If you consider the coaching on a one-to-one level it may be easier to see how the different levels of coaching are applied and when or why different techniques are applied.

If we take writing a first draft of a user story as an example.

  1. At one end of the spectrum the coach could ‘teach’ or talk about general story writing techniques and practices and give examples.  (Teaching) abstract ideas – blogging, courses, lectures, presentations etc
  2. Or it might be useful for the person being coached to work through a generic example with the aid of a coach (Training). Workshops or interactive activities such as games.
  3. Or it might be useful for the person being coached to work through a real example with the coach available to ask questions or the coach asking questions and offering encouraging ideas (Coaching/Consulting/Advice)
  4. In some cases the coach may sit with the person being coached as a partner sharing thoughts and ideas in a balanced way sharing the work (player coaching/mentoring)
  5. At the other end of the spectrum it may be that the coach actively participates in a pairing situation and shows the person being coached what is being done and explaining why.  – At this point the line between coaching and doing is a line in the sand and depending on the engagement level of the person being coached the level of learning and improvement may be negligible.
  6. And finally the coach does the work on behalf of the team/individual even though the team could do it for themselves. At this point there is no coaching value at all.

coaching

Of these five levels most Agile Coaches operate at levels 2 and especially 3, occasionally in 1 and 4, but 5 is unusual, certainly in my current role we explicitly say that we shouldn’t ‘do’ and if we stray we should be aware that we are no longer coaching.  In contrast a Scrum Master spends more time at 3 and 4 and often at 5  or even 6 – resolving impediments, producing metrics etc. But the overlap between the roles is subtle and there is no hard line. It is more a question of the intended outcome, rather than how it is achieved.

Reality

Of course the ideal and the reality can be quite different, I have been giving some product owner coaching recently and this is a double edged sword, the product owner aspect of software delivery is one of my favourites and I get enthusiastic. So I have been helping write story maps, and identifying personas and writing stories but every once in a while I’ll start doing, throwing out my ideas, making corrections without discussion and my biggest sin, taking over at the keyboard!  Thankfully usually one of us will spot it quickly and non-verbal cues will put me back in my coaching box.
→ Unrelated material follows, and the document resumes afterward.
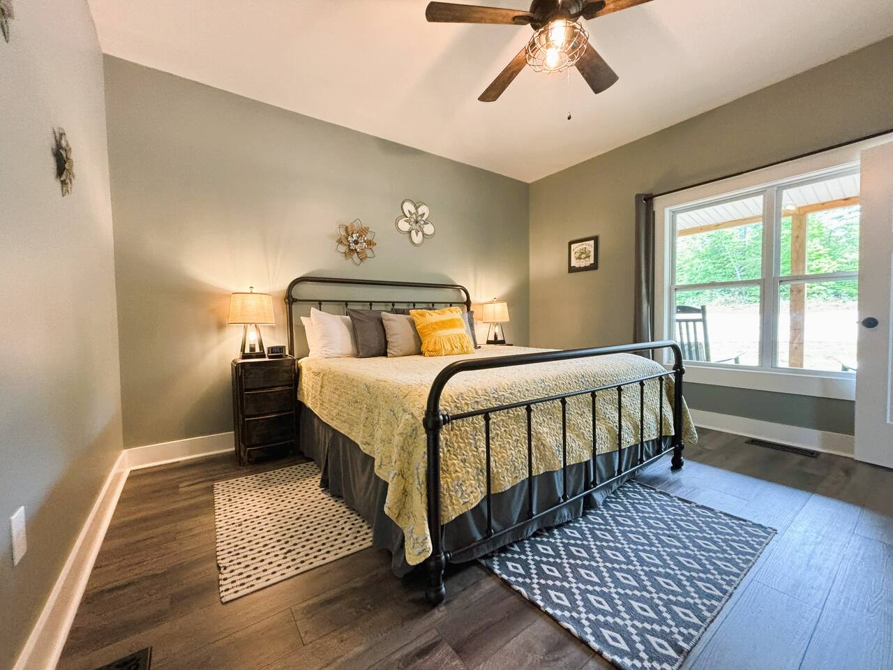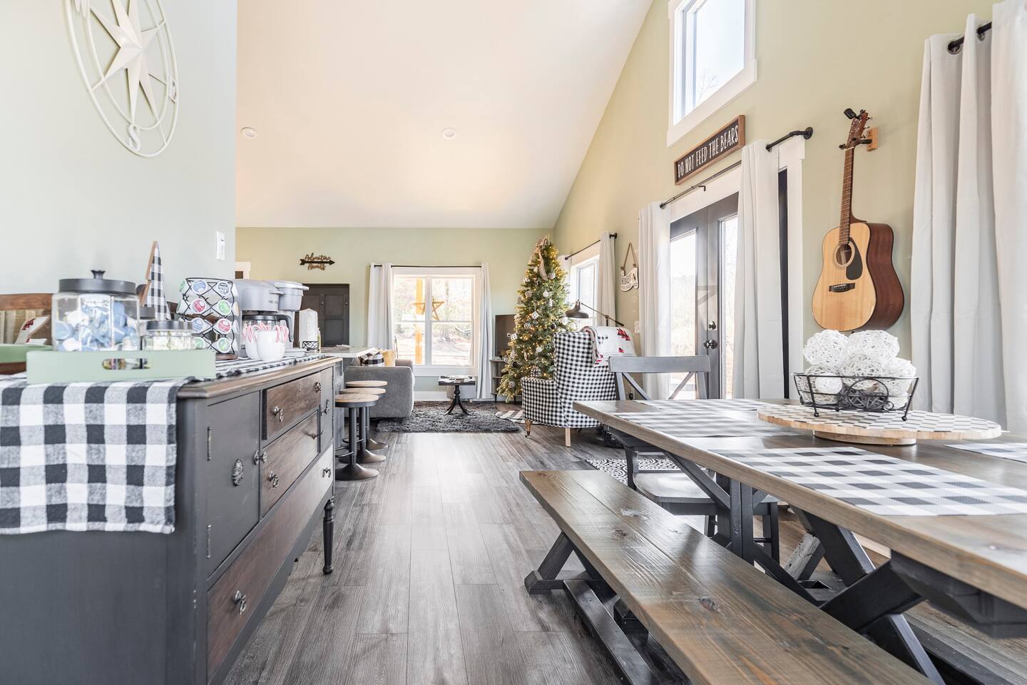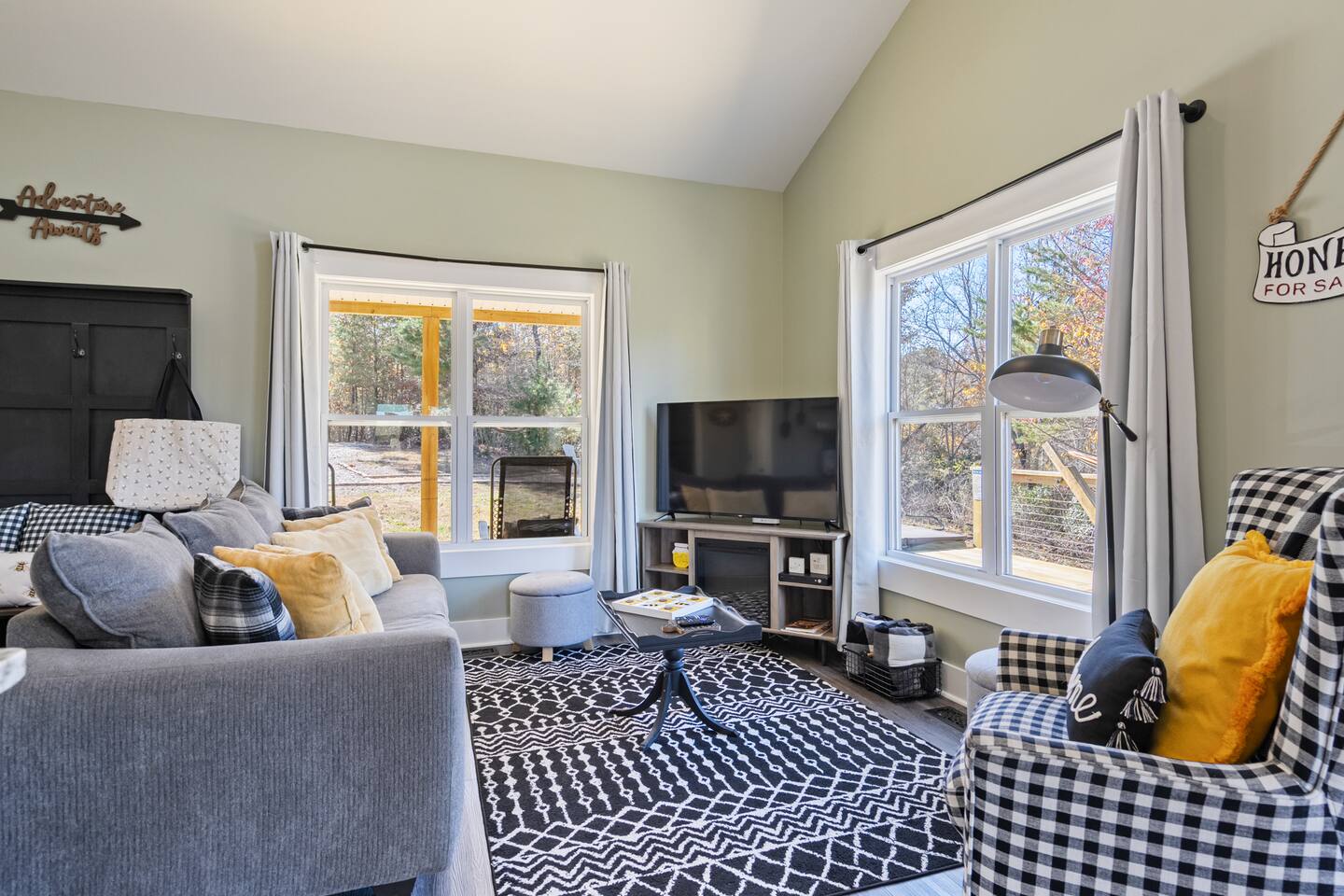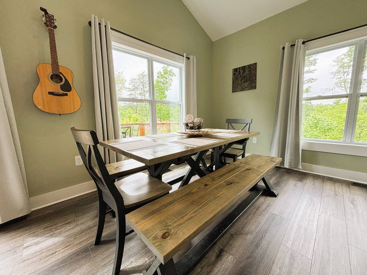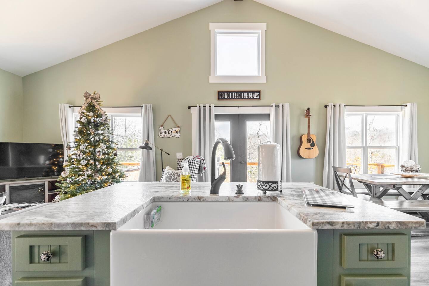 ☆☆ HIGHLIGHTS ☆☆ ✹ 2 bedrooms; 2 king beds, 1 sofa bed ✹ 2 full bathrooms; complimentary toiletries + bathrobes ✹ Open floor plan ✹ Full kitchen w/ modern appliances ✹ Coffee bar ✹ Comfy living room w/ lots of windows ✹ Accessible features - large doors, no stairs, accessible parking ✹Smart TV’s in living room and bedrooms ✹ Free WiFi ✹ Washer + dryer ✹ View of Cedar Mountain ✹ Covered porch w/ rocking chairs + zero gravity chairs ✹ Back deck w/ BBQ + outdoor dining ✹ Hot tub ✹ Hammocks ✹ Outdoor fire pit (firewood provided) ✹ Free parking ✹ 1-mile loop trail onsite ✹ Secluded location yet close to local wineries and historic Dahlonega Eager to Read More? Here Are A Few Kind Words From Our Previous Guests: “One of our top 10 AirBnBs ever! Chad is super helpful, and you can tell they’ve put a lot of work into this cabin! It has a gorgeous view of the North GA mountains, and it’s even better from the hot tub! We’ll be staying here every time we come back!” - Drew “Beautiful home, tucked away in a peaceful yet scenic location. The home was perfect in every way. From decor details, to an extra football to toss around. Would highly recommend to anyone wanting a home away from home. Chad was a fantastic host, responsive and detailed about activities to do outside the home. Look forward to our next visit again, soon!” - Hannah “We stayed at Chad’s mountain cabin in Dahlonega this past weekend. Chad has thought of everything! We loved having a fully stocked kitchen so we could cook breakfast and enjoy the beautiful Mountain View. (The wild blackberries, wild azaleas and mountain laurel were blooming) An extra convenience was having a washer and dryer. Can’t wait to visit again!” - Sheila ★★ BEDROOMS ★★ This private getaway features two tastefully decorated bedrooms, so you can enjoy a quiet place to relax after a day of outdoor activities. There is ample storage space to unpack your belongings and feel at home. ✹ Primary bedroom: King-sized bed, Smart Tv, dresser, closet, large window ✹ Second bedroom: King-sized bed, Smart TV, dresser, charging ports, large window with a view of Cedar Mountain, ensuite bathroom ✹ Living room: sleeper sofa for additional guests ✔ Silk bed linens ✔ Extra pillows and blankets ✔ Bathrobes ✔ Hangers ✔ Room-darkening shades ★★ BATHROOMS ★★ You’ll find two full bathrooms, providing enough space for your whole family to freshen up. Each bathroom features a single vanity and a shower/tub combination so you can choose between a relaxing soak or a refreshing shower. ✔ Fresh towels ✔ Shampoo, conditioner, and body wash ✔ Washer and dryer ✔ Iron ★★ KITCHEN & DINING ★★ Whip up delicious meals for the whole family in this fully equipped space. Boasting stainless steel appliances, a kitchen island with seating for 3, and ample cookware and dishware, you’ll love the flexibility and convenience this space provides. When you’re ready to eat, serve your meals on the charming farmhouse-style dining table or take a seat at the kitchen counter. ✔ Full-size fridge and freezer ✔ Stainless appliances ✔ Oven, stove, dishwasher, microwave ✔ Coffee bar with a Keurig coffee machine ✔ Kitchen island for 3 ✔ Large dining table ★★ LIVING ROOM ★★ The bright living room is the perfect place to relax after a long day. Sink into the plush sofa and watch a show on the Smart TV or enjoy a game night with your whole group. You’ll love the cozy cabin decor and large windows which provide plenty of natural light and views of the wooded lot throughout the day. ✔ Comfy sofa bed and chair ✔ Smart TV ✔ Free wifi ✔ Large windows ✔ Board games ✔ Air conditioning and heating ★★ OUTDOOR SPACE ★★ Step out onto the back deck and take in the stunning views of Cedar Mountain while soaking your muscles in the hot tub. This is a great place to relax while the grill master of your group makes something delicious on the BBQ. There is plenty of outdoor seating to take advantage of while sipping a coffee and enjoying the gorgeous views. ✔ Back deck with BBQ, dining table, hot tub, hammock ✔ Cedar Mountain views ✔ Porch with rocking chairs and zero gravity chairs ✔ Fire pit with firewood provided ★★ ACTIVITIES/ATTRACTIONS ★★ There are plenty of enjoyable activities to experience in the Dahlonega area, and our cabin provides an excellent starting point for your exploration. Check out some of the exhilarating options available to you: Tourist Attractions ✔ Dahlonega Gold Museum State Historic Site (12 mins, 7.1 miles) ✔ Consolidated Gold Mine (12 mins, 6.7 miles) ✔ Historic town of Dahlonega (12mins, 7.1 miles) Wineries and Vineyards ✔ Wolf Mountain Vineyard (8 min, 3.4 miles) ✔ Etowah Meadery and Brewery (7 min, 4.2 miles) ✔ Cavender Creek Vineyard (11 min, 6.5 miles) Venues ✔ White Oaks Vineyard (6 min, 2.8 miles) ✔ Cavender Castle (9 min, 4.6 miles) ✔ R-Ranch (7 min, 3.2 miles) Trails for Hikers ✔ Lake Zwerner Trail - 3.2 mile loop (9 min, 5.5 miles) ✔ Preacher’s Rock - 2.0 miles out&back (14 min, 7.2 miles) ✔ Dockery Lake Loop - 0.6 mile loop (14 min, 6.0 miles) Check out our guidebook or ask us for more activities/attractions within your reach when you book with us! ★ ★ ★ Book Today & Let Us Take Care Of You In Dahlonega! ★ ★ ★ Guest Access: ✹ GENERAL: Guests can enjoy private access to the entire cabin. ✹ COMPLIMENTARY ESSENTIALS: We provide guests with shampoo, conditioner, body wash, coffee pods, and firewood. ✹ ACCESSIBILITY: This cabin has no steps, an accessible parking spot, and features doorways that are wider than 32 inches. ✹ PARKING: Free parking is available on-site. ✹ FAMILY: Traveling with little ones? We’ve got you covered with a few supplies including a Pack ’n play/travel crib and board games, so your little ones never get bored. ✹ NO PETS: We have a no-pet policy. Don

My summary is really that not understanding the goal of the coaching leads to all sorts of problems, the teams facing a particular problem may feel they are not getting the assistance they need. It may be difficult to measure whether a coach is effective when they go out of their way not to ‘do’ something. The role is both very broad and very misunderstood.

But when the role is understood and when those being coached understand the relationship and the value of it, the situation changes drastically. It is a hugely rewarding role and the relationships can be fun and fruitful. When you accept that you are expected to solve your own problems (with guidance) it can be very empowering, a coach becomes someone that can help YOU expand YOUR understanding and ability, but credit belongs to you, not to the coach, they just point the way – you have to do the work.

Will Agile lead to the end of gender bias in IT?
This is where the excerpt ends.